* What you will do: Nothing may be left out of the listing below but its images; repeat the rest exactly.

────────────────────────────────────────

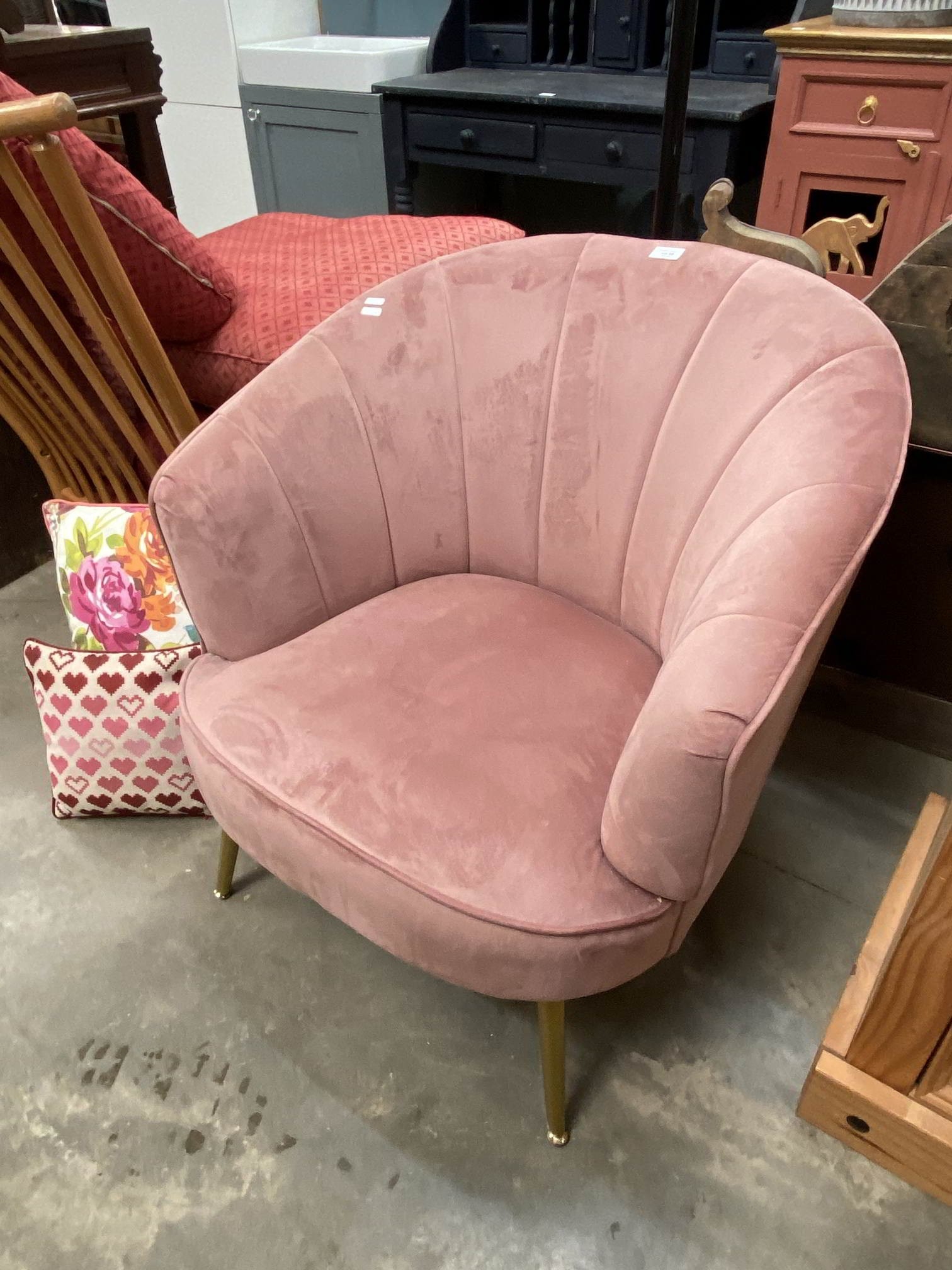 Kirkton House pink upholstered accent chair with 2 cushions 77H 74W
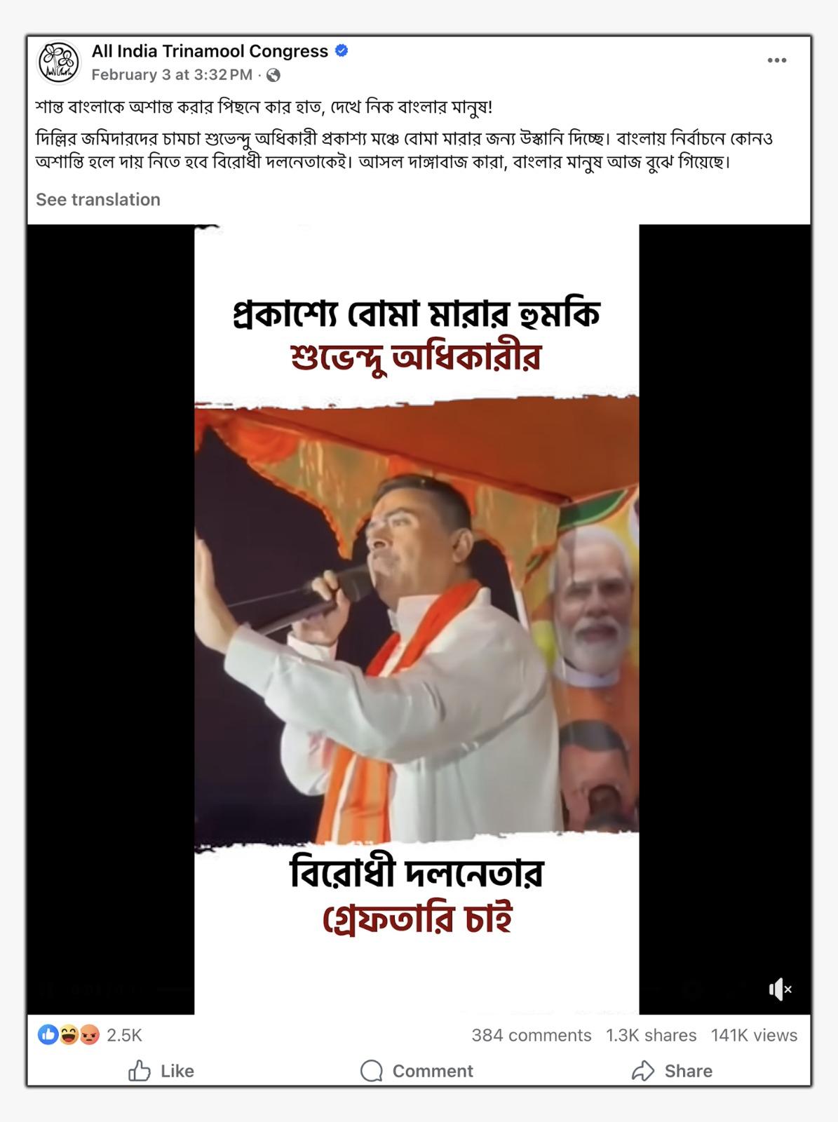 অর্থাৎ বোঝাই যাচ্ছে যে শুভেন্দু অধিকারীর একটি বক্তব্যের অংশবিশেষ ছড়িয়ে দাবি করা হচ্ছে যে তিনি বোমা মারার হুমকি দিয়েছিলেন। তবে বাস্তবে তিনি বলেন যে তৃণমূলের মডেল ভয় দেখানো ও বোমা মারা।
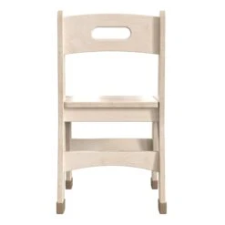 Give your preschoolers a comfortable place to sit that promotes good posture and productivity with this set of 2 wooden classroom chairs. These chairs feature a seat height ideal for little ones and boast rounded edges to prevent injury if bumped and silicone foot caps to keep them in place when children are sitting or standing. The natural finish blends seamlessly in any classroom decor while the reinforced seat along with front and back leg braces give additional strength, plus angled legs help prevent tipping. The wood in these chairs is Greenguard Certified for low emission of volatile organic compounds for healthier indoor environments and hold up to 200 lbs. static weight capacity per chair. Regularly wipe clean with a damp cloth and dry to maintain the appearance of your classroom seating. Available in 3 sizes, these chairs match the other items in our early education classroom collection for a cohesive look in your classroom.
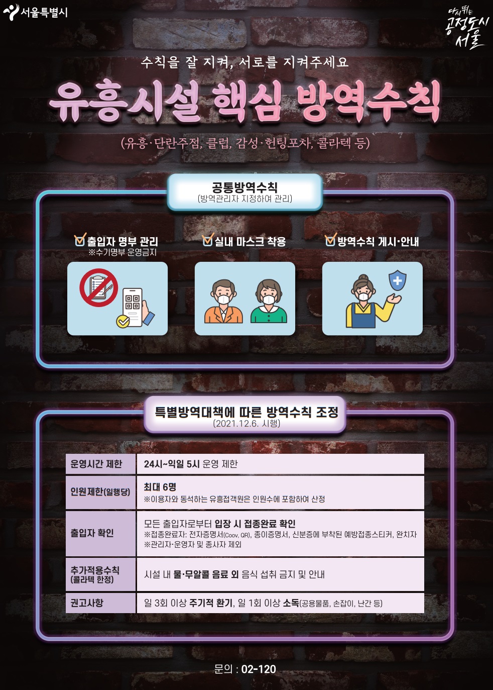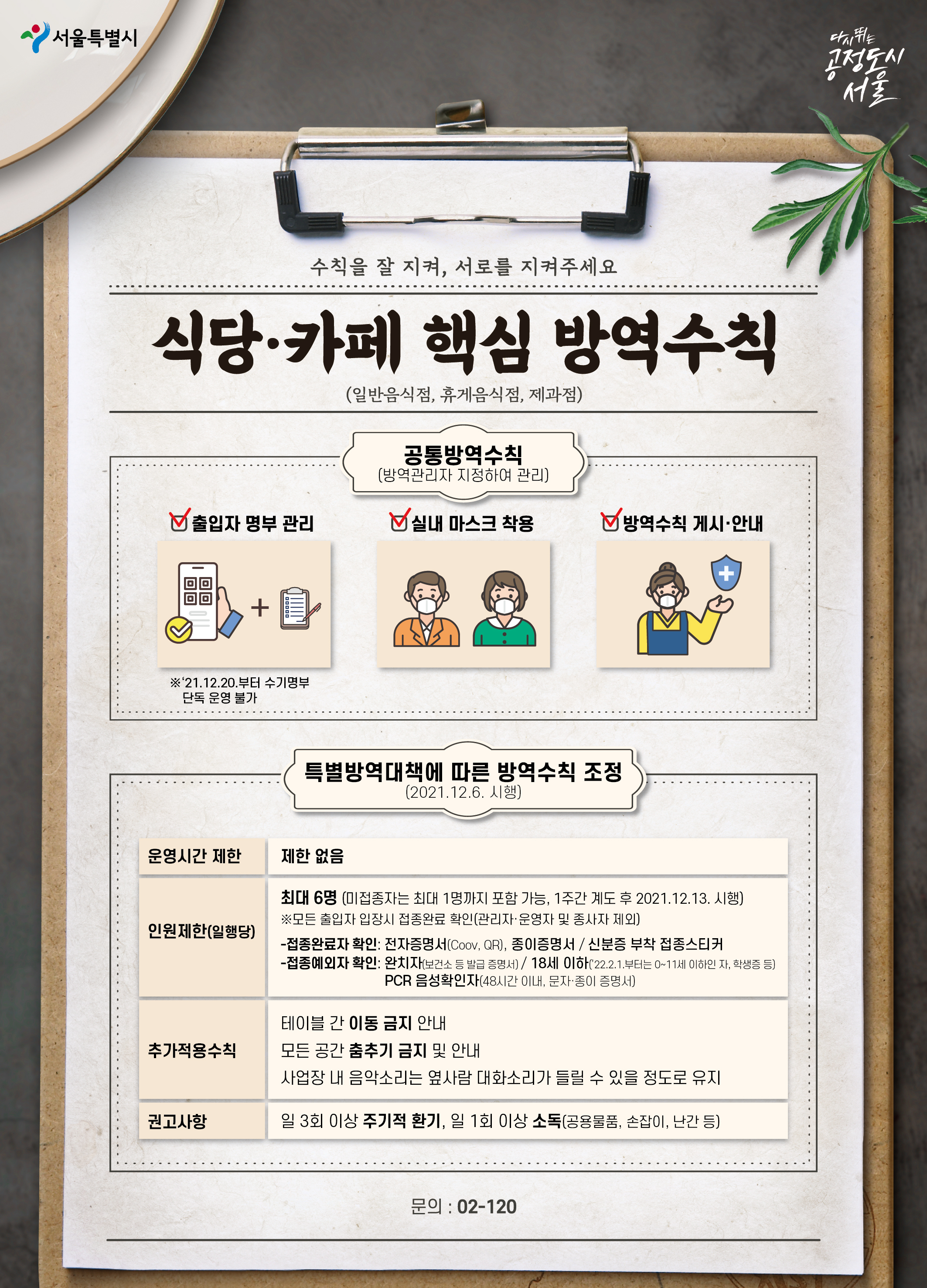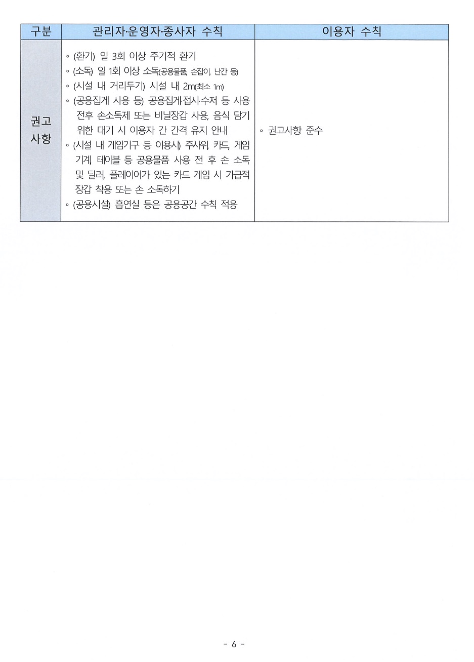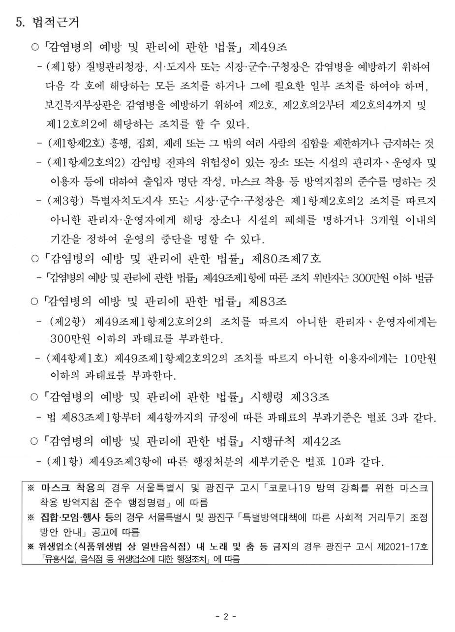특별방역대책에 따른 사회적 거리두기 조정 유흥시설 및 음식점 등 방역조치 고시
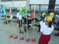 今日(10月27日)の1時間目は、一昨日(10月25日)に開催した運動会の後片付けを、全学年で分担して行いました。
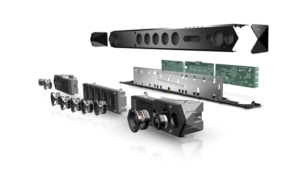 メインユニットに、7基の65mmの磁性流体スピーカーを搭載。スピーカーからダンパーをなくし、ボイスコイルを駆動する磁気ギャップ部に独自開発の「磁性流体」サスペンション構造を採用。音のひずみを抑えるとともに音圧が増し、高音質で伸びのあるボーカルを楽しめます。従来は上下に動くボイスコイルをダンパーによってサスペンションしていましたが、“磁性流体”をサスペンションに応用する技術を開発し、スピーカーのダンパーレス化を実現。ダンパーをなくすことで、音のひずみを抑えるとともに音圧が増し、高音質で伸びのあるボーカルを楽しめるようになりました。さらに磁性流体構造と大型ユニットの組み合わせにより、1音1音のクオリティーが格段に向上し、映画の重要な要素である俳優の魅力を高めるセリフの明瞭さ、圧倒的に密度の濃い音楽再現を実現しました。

────────────────────────────────────────

* Worked solution:
 Kirkton House pink upholstered accent chair with 2 cushions 77H 74W
 অর্থাৎ বোঝাই যাচ্ছে যে শুভেন্দু অধিকারীর একটি বক্তব্যের অংশবিশেষ ছড়িয়ে দাবি করা হচ্ছে যে তিনি বোমা মারার হুমকি দিয়েছিলেন। তবে বাস্তবে তিনি বলেন যে তৃণমূলের মডেল ভয় দেখানো ও বোমা মারা।
 Give your preschoolers a comfortable place to sit that promotes good posture and productivity with this set of 2 wooden classroom chairs. These chairs feature a seat height ideal for little ones and boast rounded edges to prevent injury if bumped and silicone foot caps to keep them in place when children are sitting or standing. The natural finish blends seamlessly in any classroom decor while the reinforced seat along with front and back leg braces give additional strength, plus angled legs help prevent tipping. The wood in these chairs is Greenguard Certified for low emission of volatile organic compounds for healthier indoor environments and hold up to 200 lbs. static weight capacity per chair. Regularly wipe clean with a damp cloth and dry to maintain the appearance of your classroom seating. Available in 3 sizes, these chairs match the other items in our early education classroom collection for a cohesive look in your classroom.
특별방역대책에 따른 사회적 거리두기 조정 유흥시설 및 음식점 등 방역조치 고시
 今日(10月27日)の1時間目は、一昨日(10月25日)に開催した運動会の後片付けを、全学年で分担して行いました。
 メインユニットに、7基の65mmの磁性流体スピーカーを搭載。スピーカーからダンパーをなくし、ボイスコイルを駆動する磁気ギャップ部に独自開発の「磁性流体」サスペンション構造を採用。音のひずみを抑えるとともに音圧が増し、高音質で伸びのあるボーカルを楽しめます。従来は上下に動くボイスコイルをダンパーによってサスペンションしていましたが、“磁性流体”をサスペンションに応用する技術を開発し、スピーカーのダンパーレス化を実現。ダンパーをなくすことで、音のひずみを抑えるとともに音圧が増し、高音質で伸びのあるボーカルを楽しめるようになりました。さらに磁性流体構造と大型ユニットの組み合わせにより、1音1音のクオリティーが格段に向上し、映画の重要な要素である俳優の魅力を高めるセリフの明瞭さ、圧倒的に密度の濃い音楽再現を実現しました。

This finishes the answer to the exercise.